What to do:
For this exercise, return only the lines in the records below from the one holding "En yüksek müze" through the one holding "Chaniya Length –", including both, exactly as they appear and without pictures.

Records from a data collection
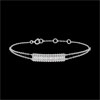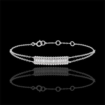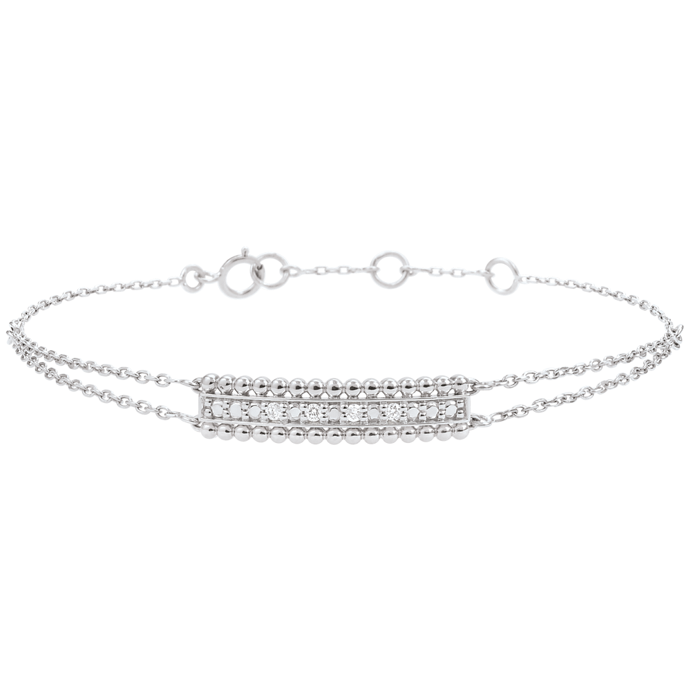 Două şiruri de perle de aur alb încadrează un pavaj înălţat de aur şi diamante. Motivul este pus în valoare de două lănţişoare ce se contopesc într-unul singur. Brăţară cu lungime reglabilă: 18cm, 17cm, 16cm. Motiv de 21mm lungime şi 5mm înălţime.
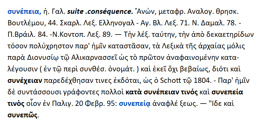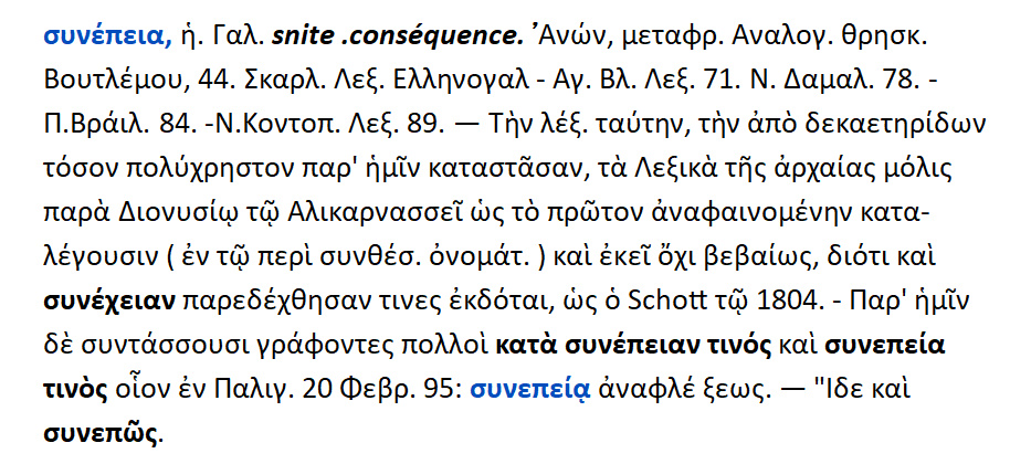 Συνέπεια { Γαλλ. suite ,consequence }. Tην λέξιν αυτήν ,την από δεκαετίες πολυχρησιμοποιημένη από εμάς ,τα Λεξικά της αρχαίας ελληνικής την καταγράφουν μόλις από τον Διονύσιον τον Αλικαρνασσέα ,επειδή { στο » περί συνθέσεως ονομάτων » } πρώτη φορά αναφαίνεται , και εκεί όχι με βεβαιότητα .Διότι παρεδέχθησαν κάποιοι εκδότες, ότι είναι συνέχεια και όχι συνέπεια ,όπως ο Schott.
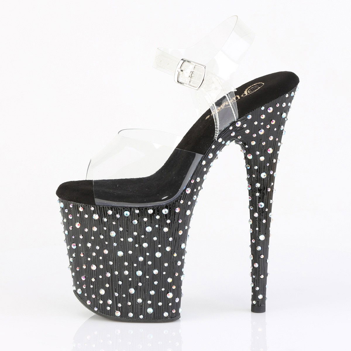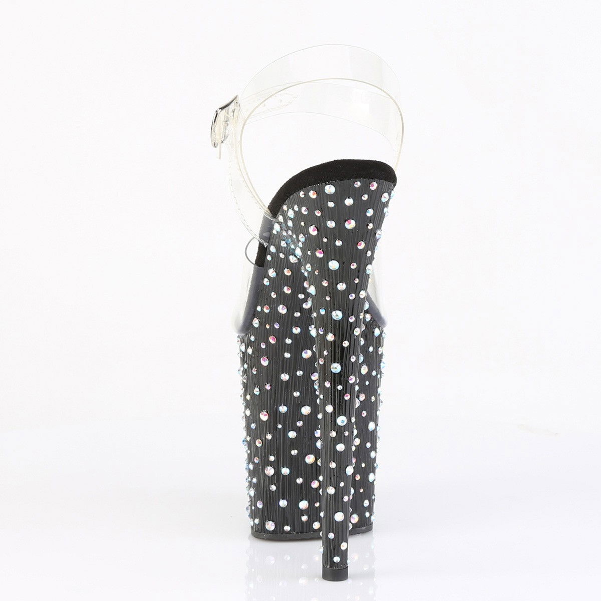 Sandale cu toc inalt, cu pietricele pe platforma si cu imitatie de piele inroarsa pe talpa. Sandalele sunt perfecte pentru dans la bara. Poarta-le si intreaga ta atitudine se schimba. Cu toc de 20 cm si platforma de 10 am, aceste sandale iti vor da increderea ca totul va fi super in dansul la bara. Brand Pleaser USA
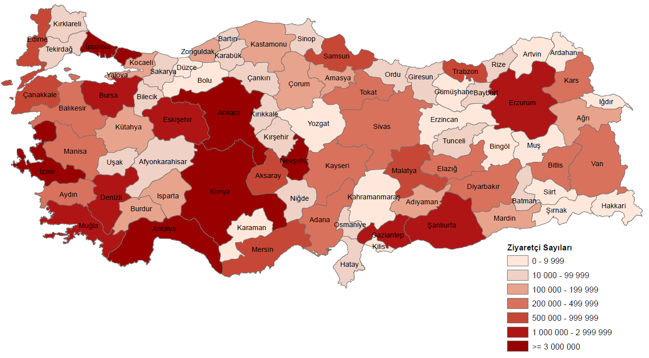 En yüksek müze ziyaretçi sayıları; 18 milyon 182 bin 745 ile İstanbul, 4 milyon 698 bin 641 ile İzmir ve 4 milyon 451 bin 607 ile Nevşehir vilayetlerinde gerçekleşti.
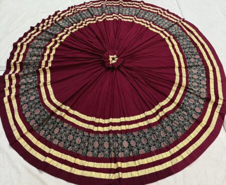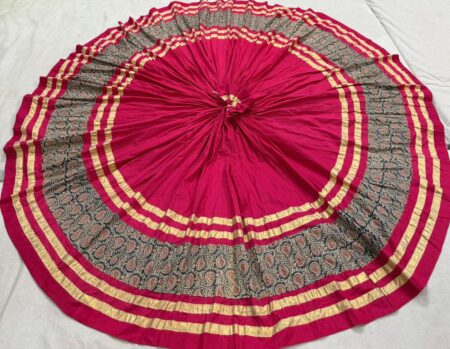 Chaniya Length – 41Plain Skirt With Ajrakh Border With Heavy Four Golden Lace
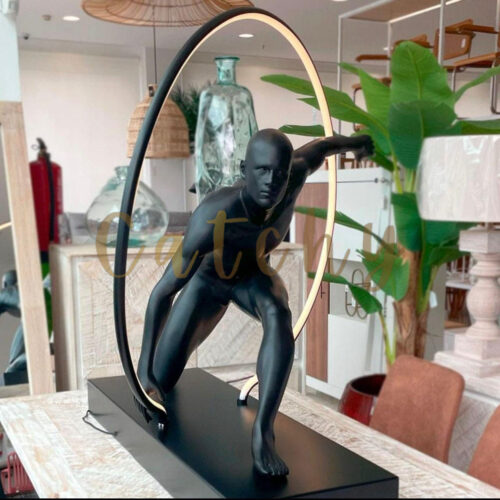 A striking contemporary sculpture featuring a stylized human figure seated on a transparent stool, designed to create a powerful visual statement. Crafted with a smooth, reflective finish, this piece plays with light and transparency, adding depth and artistic intrigue to any space. Perfect for modern interiors, galleries, or statement styling on consoles and shelves.
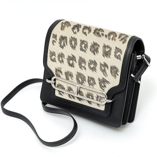 HERMES エルメス ロウリス・ルリ ミニ レオパード ショルダーバッグ ハラコ オフホワイト / ネイビー - 2520013

Output for this task:
 En yüksek müze ziyaretçi sayıları; 18 milyon 182 bin 745 ile İstanbul, 4 milyon 698 bin 641 ile İzmir ve 4 milyon 451 bin 607 ile Nevşehir vilayetlerinde gerçekleşti.
 Chaniya Length – 41Plain Skirt With Ajrakh Border With Heavy Four Golden Lace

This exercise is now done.